Ayodhya is shining. Trade is booming, the citizens are prosperous, immigrants are plenty to do the menial jobs, and the media adores the ruling family – Suryavamshi Rama. However, the black cloud that looms over Ayodhya? The ban imposed on the media and the citizens on all things concerned with the missing queen, Sita. The protagonist in the story is a journalist who is drawn to this missing piece in what is marketed as a model kingdom. The “Washerman” is the chief of the secret police in Ayodhya and is said to be “hawk-like” in ensuring that no person lets slip the question – “But where is Sita?”

The journalist does ask the question. To King Rama. On live television. As the camera zooms into his shocked face, the Washerman starts the witch hunt. The editor suspends the journalist, the secret police arrests her and throws her in jail, and the twist comes when her cell mate is none other than the “terrorist bomber” from LLF (Lanka Liberation Front) who tried to kill King Rama on the 10th anniversary of his vanquishing King Ravana, but is captured instead. The LLF stage a storming of the prison and in the confusion that results, the journalist escapes with the terrorist and goes with her to Lanka.
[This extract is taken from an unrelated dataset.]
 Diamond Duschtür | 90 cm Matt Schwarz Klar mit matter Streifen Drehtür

The journalist now gets the opportunity to hear the Lankan’s version of Ayodhya’s crowning moment – the conquest of Lanka. The rape, pillage and the barbaric killing of its citizens by the vanar sena even after King Ravana is killed on the battlefield comes as a shock to her (and to the readers). Leaving Lanka, the journalist now heads to Mithila and then the ashram of Valmiki (Ayodhya’s most prolific historian and the king’s authorized biographer) and finally sees Sita – tired, shoddy, aged, but with two handsome and brave sons. The story now roars quickly into its standard ending – the sons are with the king, and Sita sinks into the earth (apparently) and vanishes without a trace. Or so we are led to believe, until the last chapter.

So what’s the verdict?

While it is unfair to consciously or unconsciously compare a book to another one in the same genre (in this case with the Palace of Illusions), The Missing Queen does slip on the most vital question it asks – what really happened to Queen Sita? In the Palace of Illusions, there is no question left in our mind as Draupadi lays bare the palace intrigue and her personal dilemma and feelings. In The Missing Queen, we get a line here or a hint there on what could have happened. Very frustrating.
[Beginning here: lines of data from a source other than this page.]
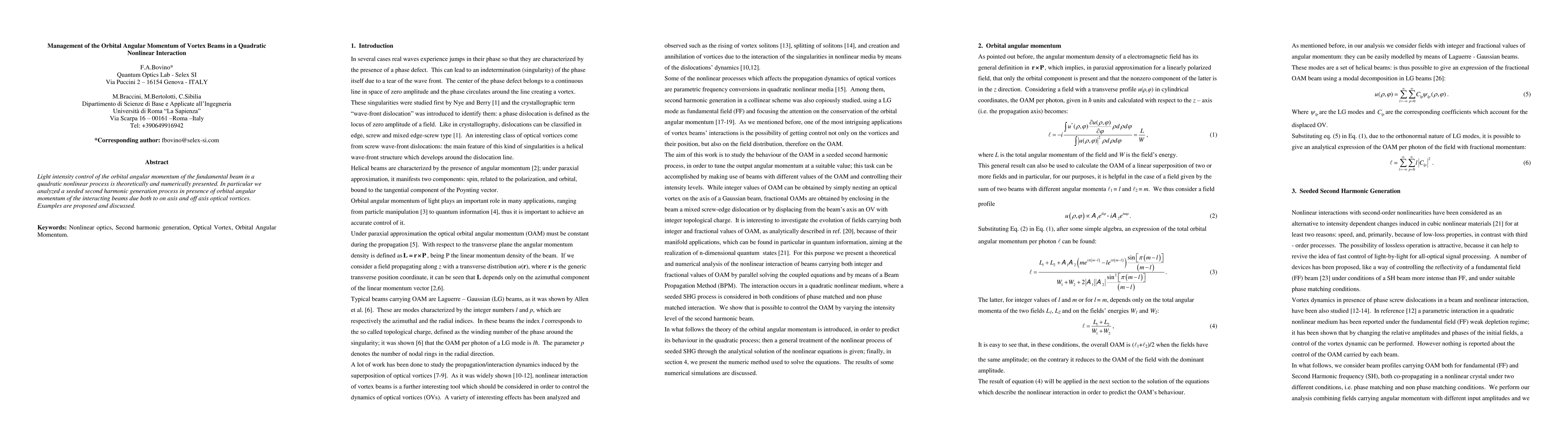 Light intensity control of the orbital angular momentum of the fundamental beam in a quadratic nonlinear process is theoretically and numerically presented. In particular we analyzed a seeded second harmonic generation process in presence of orbital angular momentum of the interacting beams due both to on axis and off axis optical vortices. Examples are proposed and discussed.
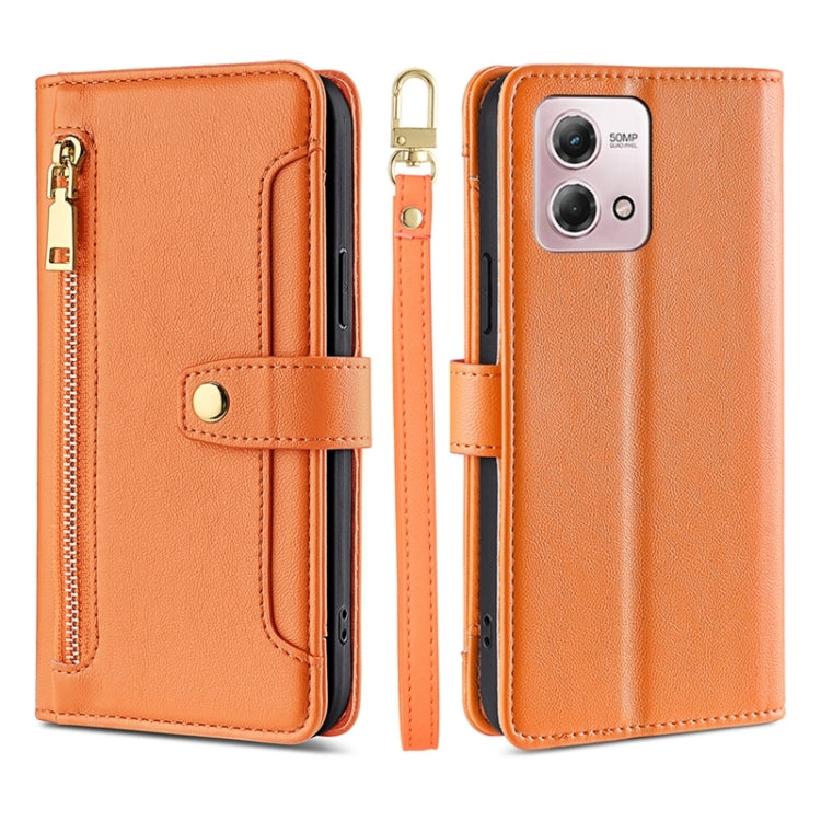 Funda de Cuero para Motorola Moto G84 5G Lite con Billetera y Cremallera (Naranja)
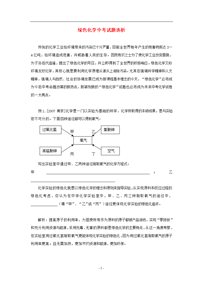 试题-全国-2010_九年级化学中考专题复习 绿色化学中考试题选析全国通用
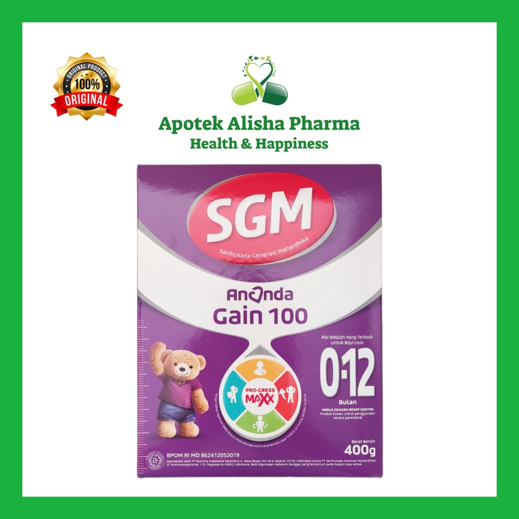 SGM Ananda Gain 100 (0-12bulan) 400gr Susu Formula Tumbuh Kembang Bayi Beresiko Gagal Tumbuh / Mal Nutrisi / SGM Ungu
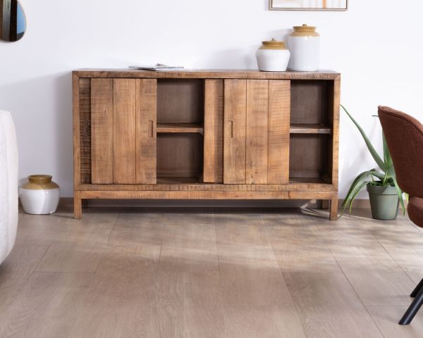 Credenza in legno massiccio di mango dal design sobrio e caldo, ideale per un arredamento naturale, bohémien o contemporaneo.

While the story is beautifully and imaginatively constructed, with ingenious twists and turns, in the end it still fails to convince the readers as to why Sita had to leave Ayodhya. While we get insights into the fate of women in Ayodhya (as compared to the egalitarian regime in Lanka where women are treated as equal citizens), and interviews with Kaikeyi and Urmila confirm that the queens in Ayodhya are no less than second-class citizens, I would have liked a more compelling theory as to why she went missing. Not rumours, not imagined conversations, not gossip – but a plain theory that explains.

However! But! Nevertheless!

I read it twice. Because Samhita Arni is simply a great writer. And even with the numerous retellings of the Ramayana from multiple points of view (I have read Urmila’s POV via Sita’s Sister by Kavita Kane, and Ravana’s POV via Asura by Anand Neelakantan), Arni does present a very compelling and readable book that reveals a version that potentially could have happened.

My review?

4.0 out of 5 (5 is reserved for The Palace of Illusions!)

So go ahead and read it and let me know your feedback.